Памирская быль
НЕВЕСТЫ ЖДУТ СОЛДАТ
Уже темнело. Паша гладила халат, когда зашла к ней Маша Албул. Маша была в сарафане, усыпанном цветочками, и совсем не походила на себя, одетую в солдатскую форму. Стройная, изящная, пожалуй, даже на вид, — хрупкая.
— Как замечательно у тебя, Пашенька, — поворачиваясь на каблучке, восхищалась она. — Уютно, чистенько.
«Почему Маша такая веселая? — подумала та. — И почему пришла так поздно?»
Сама сдержанно улыбалась.
— Ну, чего уж там… Конечно, не сравнишь с общежитием. Своя комната совсем другое дело.
— Да нет, просто восхитительно! Только зачем эти засохшие рыжие ландыши?

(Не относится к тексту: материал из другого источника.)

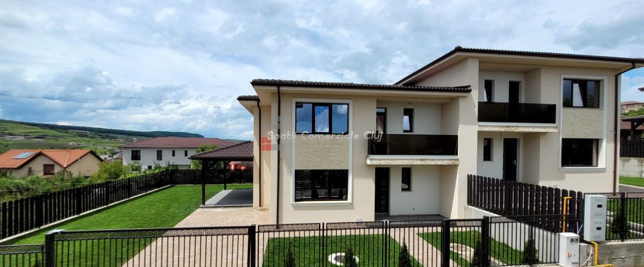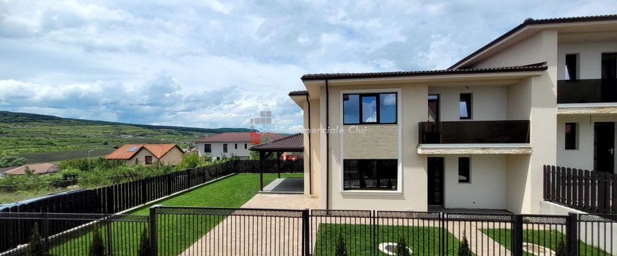 Va propunem spre achizitie o casa nou construita situata intr-o zona superba cu priveliste, la intrare in Chinteni, aproape de statia de autobus de Cluj (300 m) si de magazinul Profi. Imobilul face parte dintr-un ansamblu 6 case cuplate. Compartimentarea este urmatoarea: Parter: living, bucatarie, baie, hol, terasa. Etaj : 3 dormitoare, 2 bai, hol ,balcon. Suprafata utila este de 120 m2 plus doua terase si un balcon in suprafata de 25 m2. Terenul total este de 317 m2. Casa se preda finisata la exterior(la fel ca in pozele atasate) si semifinisata la interior (un strat de glet, instalatii trase la pozitii, incalzire in pardoseala parter si etaj, sapa turnata, centrala, izolatie si gips carton tavan etaj). La constructia caselor s-a folosit Caramida Cemacon de 25 cm, acoperis de tigla Terran, geamuri Salamander cu profil de Green Evolution 76, izolatie exterioara cu polistiren de 15cm, tencuiala siliconica. Pretul este usor negociabil si are TVA de 21% inclus.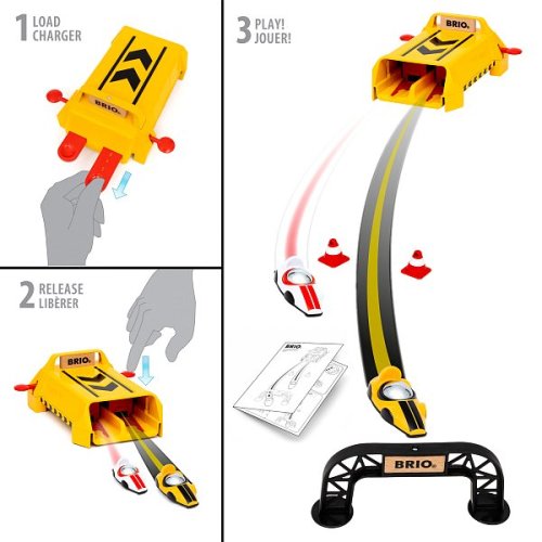 Vystřelte jako blesk ze startovací rampy Roll Racing. Postavte autíčka na místo, natáhněte startovací zařízení a vyrazte! Stiskněte tlačítka a sledujte, jak auta vyletí vpřed. Vyhněte se dopravním kuželům na podlaze a zamiřte rovnou do cílové brány. Součástí sady jsou dvě autíčka edice Roll Racing – žluté s černými pruhy a bílé s červenými pruhy. Startovací rampa skvěle funguje samostatně nebo ji můžete připojit k 30550 Věži Roll Racing a užít si vzrušující soutěž. Rozměry balení: 12 x 25 x 16 cm. Věk: 3+

— Виктор перед отъездом оставил. Зашел в аптеку и оставил на память. Пусть, говорит, стоят до его приезда.
— А мой Александр ничего не оставил. — Маша села на единственный в комнате стул и, словно ее визит был случайным, сообщила: — Да, ты, конечно, слышала — сегодня по радио передавали о наших ребятах?
— Неужели?! — удивилась подруга. — Как же я прозевала! Когда?
— По «маяку», совсем недавно.
— Не тревожь сердце, говори, что передали? И еще молчит..
— Спортсмены-парашютисты впервые в истории опустились из стратосферы на пик Ленина… — повторила Маша слова диктора.
— Ой, как же я не слышала? Машенька, это же хорошо!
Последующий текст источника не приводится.